En sexto grado, a pesar de todas las cicatrices, volvió a su funcionamiento "normal". Un día, vio un cartel de pruebas de lucha libre y se emocionó mucho porque pensó que iba a poder golpear a la gente con sillas y saltar desde las cuerdas superiores como los luchadores de la WWF en la televisión. Cuando llegó a las pruebas, se dio cuenta de que estaba equivocado, pero por primera vez en su vida, pudo enfrentarse a niños de su tamaño y ¡le encantó! Cuando terminó la escuela secundaria, Shay había ganado dos premios estatales y fue reconocido a través de la Asociación de Georgia e incluido en el Salón Nacional de la Fama con la designación de Medalla al Coraje.

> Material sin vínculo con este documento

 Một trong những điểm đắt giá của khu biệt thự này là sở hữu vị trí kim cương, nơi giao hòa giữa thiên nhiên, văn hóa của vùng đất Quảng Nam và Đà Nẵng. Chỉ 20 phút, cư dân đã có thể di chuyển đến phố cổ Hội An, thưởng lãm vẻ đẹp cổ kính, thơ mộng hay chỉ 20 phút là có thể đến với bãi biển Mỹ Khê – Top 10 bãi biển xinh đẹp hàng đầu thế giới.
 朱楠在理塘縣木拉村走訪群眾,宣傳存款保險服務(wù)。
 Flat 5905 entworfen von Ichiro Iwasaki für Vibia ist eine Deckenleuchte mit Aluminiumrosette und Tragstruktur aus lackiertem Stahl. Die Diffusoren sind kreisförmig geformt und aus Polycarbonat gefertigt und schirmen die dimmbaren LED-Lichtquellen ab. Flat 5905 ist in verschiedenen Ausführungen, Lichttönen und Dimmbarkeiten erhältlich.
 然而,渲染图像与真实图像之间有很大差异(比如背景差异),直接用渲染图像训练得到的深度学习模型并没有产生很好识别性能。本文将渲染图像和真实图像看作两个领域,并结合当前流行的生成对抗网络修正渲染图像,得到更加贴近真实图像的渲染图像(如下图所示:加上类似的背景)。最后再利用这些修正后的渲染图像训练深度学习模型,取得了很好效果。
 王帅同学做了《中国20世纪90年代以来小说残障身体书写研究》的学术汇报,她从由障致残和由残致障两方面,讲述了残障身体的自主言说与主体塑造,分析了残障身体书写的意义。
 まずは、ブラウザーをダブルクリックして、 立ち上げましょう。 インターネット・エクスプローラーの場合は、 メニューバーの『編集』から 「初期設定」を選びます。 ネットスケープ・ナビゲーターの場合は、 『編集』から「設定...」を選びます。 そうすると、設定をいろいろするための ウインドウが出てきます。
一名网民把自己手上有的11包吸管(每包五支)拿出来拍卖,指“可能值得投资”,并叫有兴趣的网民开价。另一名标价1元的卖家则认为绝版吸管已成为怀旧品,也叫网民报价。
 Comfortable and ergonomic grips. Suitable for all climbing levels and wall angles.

La lucha libre fue donde Shay se descubrió a sí mismo y ganó confianza para realmente ir más allá del dolor. Se dio cuenta de que no importa lo que está afuera sino lo que está adentro. Llegó a la conclusión de que tendrá que vivir con sus cicatrices por el resto de su vida y que tenía que vivir con eso. Shay cree que todos tenemos algo sobre nosotros mismos con lo que no están contentos... el suyo resultó ser muy visual. Una vez que se abrazó y se amó a sí mismo, no fue gran cosa a sus ojos. Él cree que proyectamos nuestras inseguridades y las hacemos más importantes al hacerlo. Una vez que nos aceptamos tal como somos, otras personas no ven eso. Si es un problema usarlo, lo proyectamos, y todos gravitan hacia esa debilidad. Por otro lado, si proyectamos fuerza y ​​decimos: “Mira, estoy bien porque tengo una oreja y cicatrices en el 65% de mi cuerpo, estoy bien con esto. No sé cuál es tu problema, pero estoy bien con esto. En todo caso, deberías estar celoso de esto”.

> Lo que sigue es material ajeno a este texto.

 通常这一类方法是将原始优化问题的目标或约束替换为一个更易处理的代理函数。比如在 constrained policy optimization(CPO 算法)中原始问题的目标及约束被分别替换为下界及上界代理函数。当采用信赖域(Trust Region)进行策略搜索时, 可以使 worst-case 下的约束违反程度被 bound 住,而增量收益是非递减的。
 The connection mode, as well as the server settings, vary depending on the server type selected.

Los deportes fueron una gran parte de la curación de Shay. Creía que si podía superarse como atleta, la gente tendría que mirarlo por lo que es y no como el niño quemado. Sabía que cualquier oportunidad que tuviera, tenía que darle todo lo que tenía. Shay siempre se consoló sabiendo que no era el mejor atleta, pero era un gran competidor y nunca perdería por falta de esfuerzo. Realmente creía en el deseo de ganar talento superado si te comprometías a hacer lo que fuera necesario... todo se reduce a lo mucho que alguien lo quiere.

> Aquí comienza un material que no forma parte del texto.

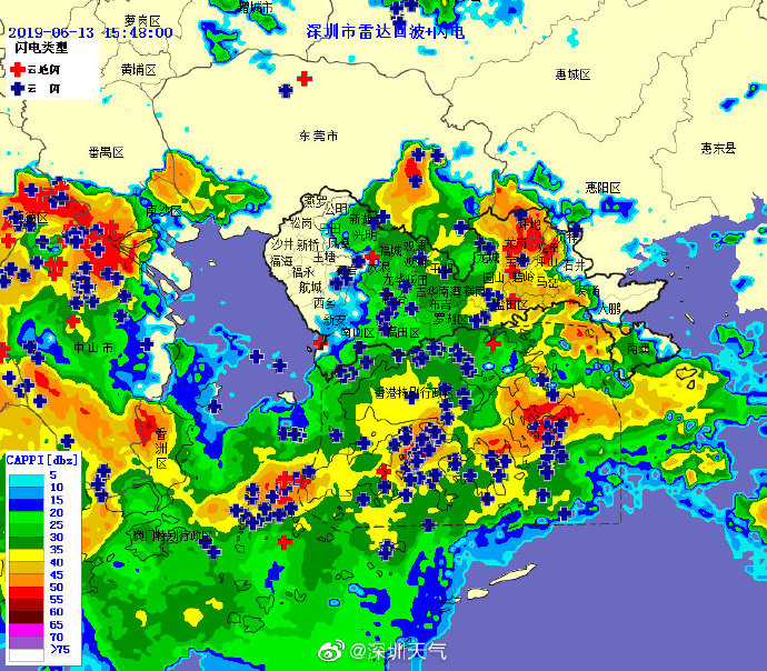 預(yù)計(jì)全市1-2小時(shí)內(nèi)將出現(xiàn)20-40毫米局部50毫米降水,深圳市氣象臺(tái)于2019年06月13日08時(shí)將暴雨黃色預(yù)警擴(kuò)展至全市,全市處于暴雨戒備狀態(tài),請(qǐng)注意防范。
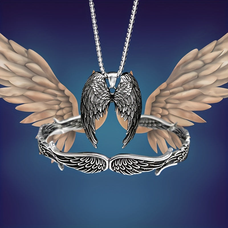 This set includes a green angel wings pendant necklace and matching bracelet, making it a perfect gift for men, couples, or women. The design is stylish and unique, adding a touch of elegance to any outfit.
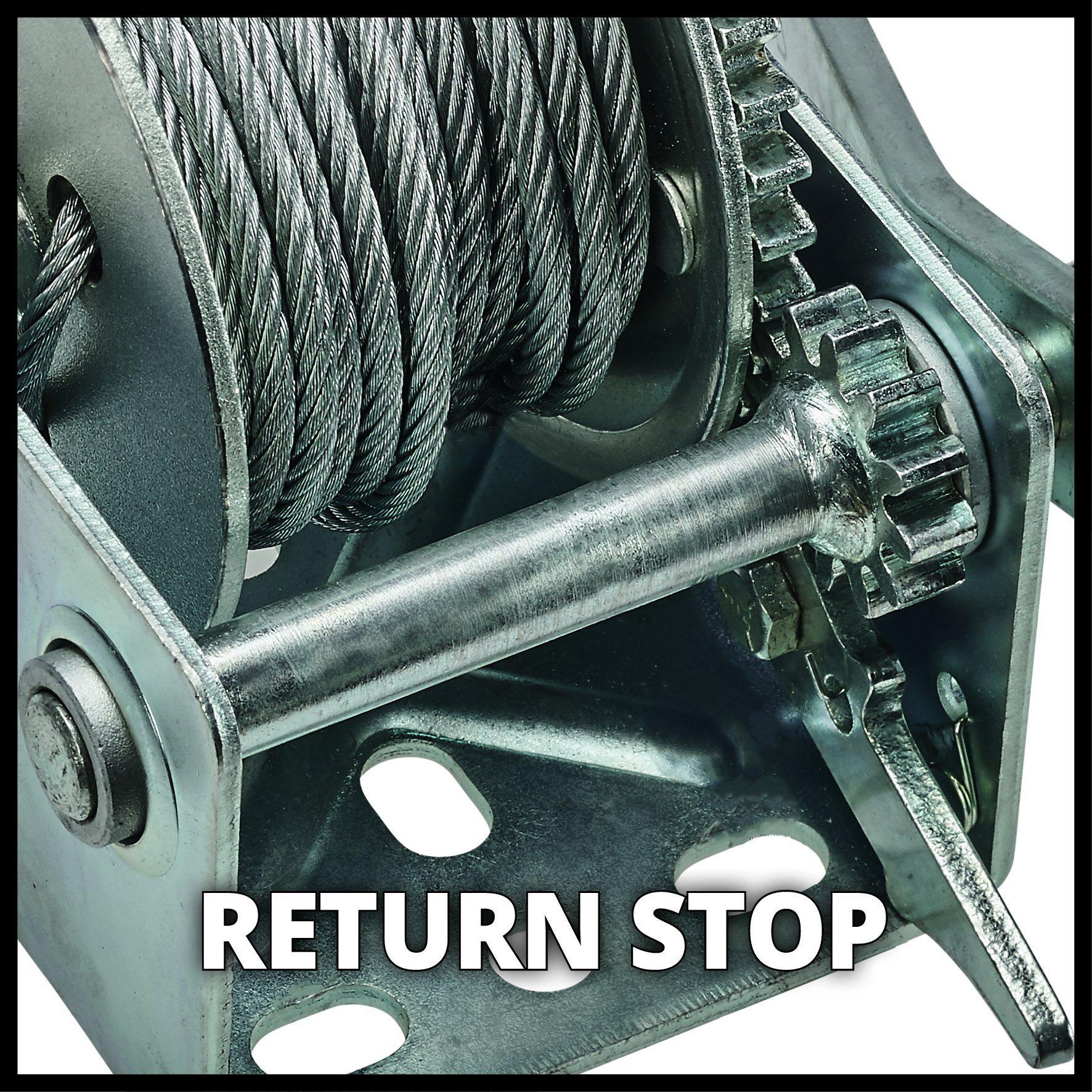 Dankzij een retourstop kunnen de kabel en de lading veilig worden gestopt.

Shay continúa compitiendo en IRONMAN 70.3 y compitió en IRONMAN Patagonia 70.3 en marzo, obteniendo con éxito un lugar para competir en el Campeonato Mundial IRONMAN 70.3 2022 en Taupo, Nueva Zelanda. Para aprovechar al máximo las cancelaciones de carreras durante el COVID y mantenerse en forma, Shay compitió en 5 carreras IRONMAN VR (virtuales) y logró ganar una plaza en el Campeonato Mundial IRONMAN 70.3 para competir en St. George, Utah, en 2021. Con la temporada ahora Además, Shay se puede encontrar en los partidos de fútbol de sus hijos los fines de semana.